◆ **SUPPLIED DATA**:
┌──
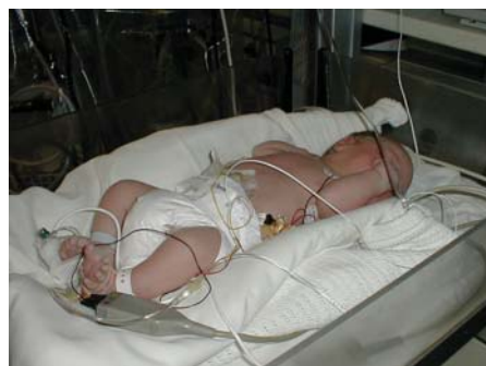
Owen Rice, 2 July 2002 at Whittington Hospital
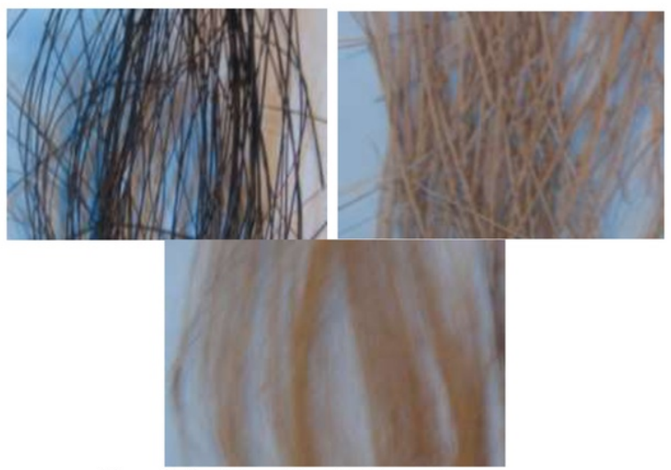
Figure 1. Variation of bundle fiber surface appearance

Density of bundle fiber shows a increase on treated Aren frond fibers. The density of the alkali treated fibers can reach at the highest at 0,54 grantem³ which it is higher than 0,34 gram/cm³ for untreated fibers. This may correspond with reduction impurities such as hemicellulose, lignin, pectin, and waxes. Alkali treatment of Snake Fruit frond fiber reduced hemicellulose percentage [1] [2]. Density of fan paint ibers has a trend to increase after treatments the alkali treated [3]. The decrease of hemicellulose (the increase in dellulose content) after treatment was also believed to be responsible for the increased density [4]. The density of hemp fibers increased after several chemical treatments including alkaline, acetic anhydride, maleic anhydride and silane [5].
└──
◆ **PROBLEM DESCRIPTION**:
Word for word, give the data above again, without any images.

◆ **OUTPUT FOR THIS EXERCISE**:
Owen Rice, 2 July 2002 at Whittington Hospital
Figure 1. Variation of bundle fiber surface appearance

Density of bundle fiber shows a increase on treated Aren frond fibers. The density of the alkali treated fibers can reach at the highest at 0,54 grantem³ which it is higher than 0,34 gram/cm³ for untreated fibers. This may correspond with reduction impurities such as hemicellulose, lignin, pectin, and waxes. Alkali treatment of Snake Fruit frond fiber reduced hemicellulose percentage [1] [2]. Density of fan paint ibers has a trend to increase after treatments the alkali treated [3]. The decrease of hemicellulose (the increase in dellulose content) after treatment was also believed to be responsible for the increased density [4]. The density of hemp fibers increased after several chemical treatments including alkaline, acetic anhydride, maleic anhydride and silane [5].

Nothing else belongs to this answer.